→ **WHAT THE EXERCISE ASKS**
Go through the data below and repeat it exactly, skipping each picture.

→ **SUPPLIED MATERIAL**
* * * * * * * * *
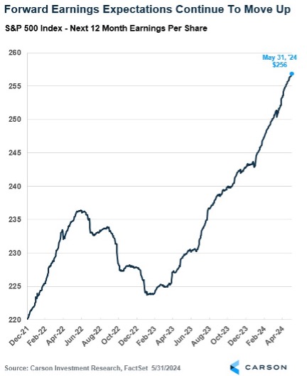 And what’s the earnings picture been? Year-ahead earnings expectations have steadily advanced this year. Ultimately, that’s what you need to support stock gains. Earnings expectations can be slow to react sometimes, but right now analysts aren’t seeing anything that would lead them to shift expectations. If the earnings momentum continues, we should see additional gains for stocks over the rest of the year.
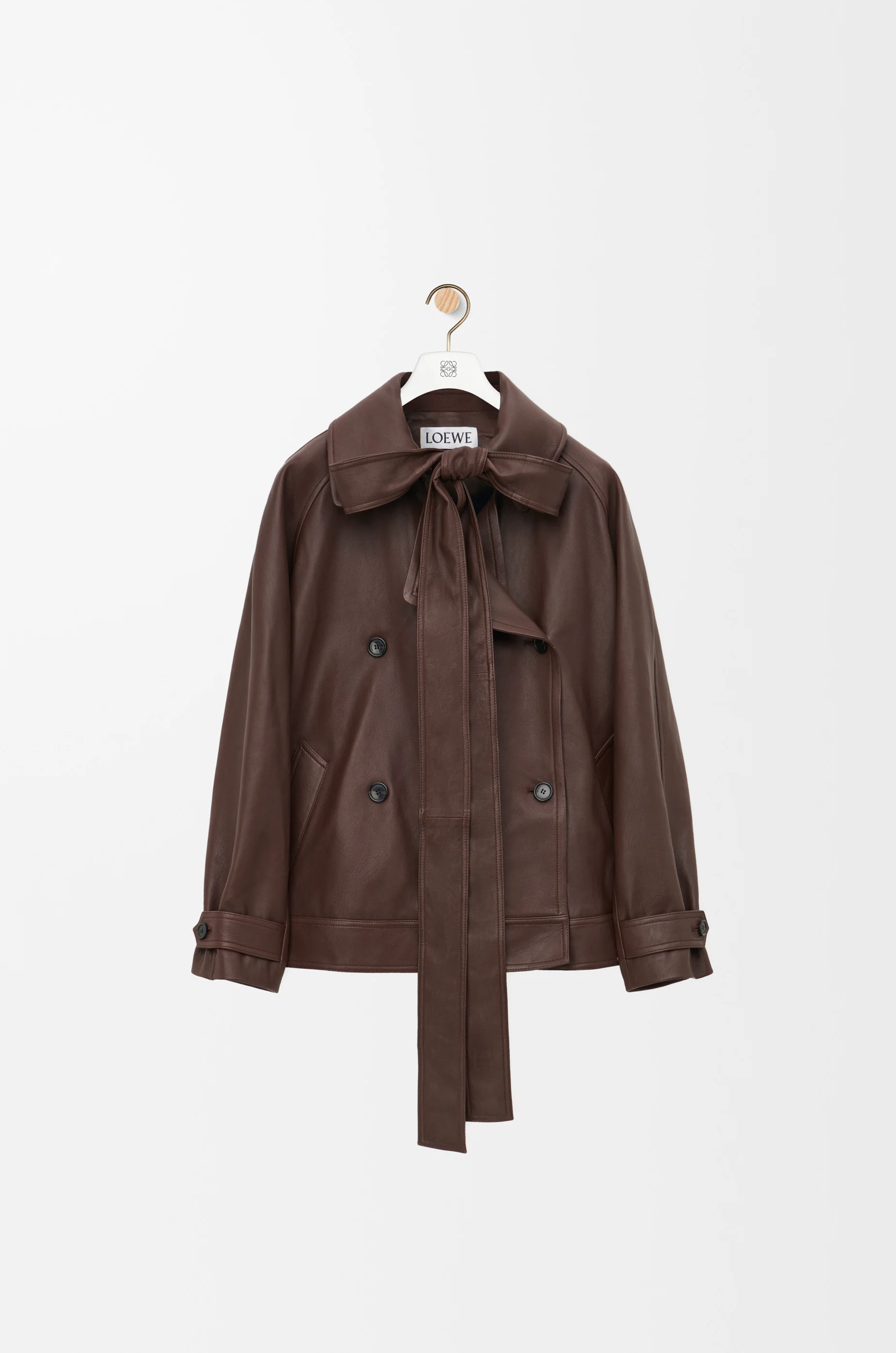 Jacket crafted in medium-weight nappa lambskin. - Relaxed fit - Regular length - Double-breasted - Removable lavallière bow - Buttoned cuffs with Anagram Pebble buttons - Button front fastening - Adjustable waist tabs - Horn buttons - Fully lined Details - Colour : Dark Chocolate - Main material : Nappa - Weight : 1.2 kg - Model ID : S359Y34L22 - Made in : Spain
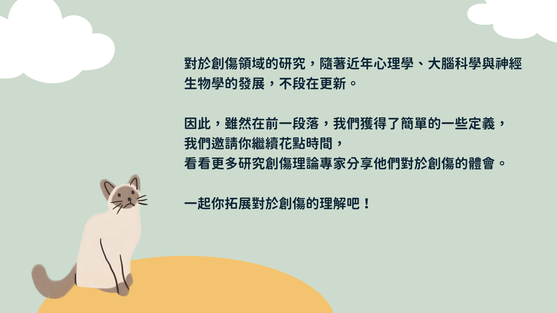 它能協助你在任何教學或臨床工作時預設創傷的存在。
* * * * * * * * *
→ **YOUR RESPONSE**
 And what’s the earnings picture been? Year-ahead earnings expectations have steadily advanced this year. Ultimately, that’s what you need to support stock gains. Earnings expectations can be slow to react sometimes, but right now analysts aren’t seeing anything that would lead them to shift expectations. If the earnings momentum continues, we should see additional gains for stocks over the rest of the year.
 Jacket crafted in medium-weight nappa lambskin. - Relaxed fit - Regular length - Double-breasted - Removable lavallière bow - Buttoned cuffs with Anagram Pebble buttons - Button front fastening - Adjustable waist tabs - Horn buttons - Fully lined Details - Colour : Dark Chocolate - Main material : Nappa - Weight : 1.2 kg - Model ID : S359Y34L22 - Made in : Spain
 它能協助你在任何教學或臨床工作時預設創傷的存在。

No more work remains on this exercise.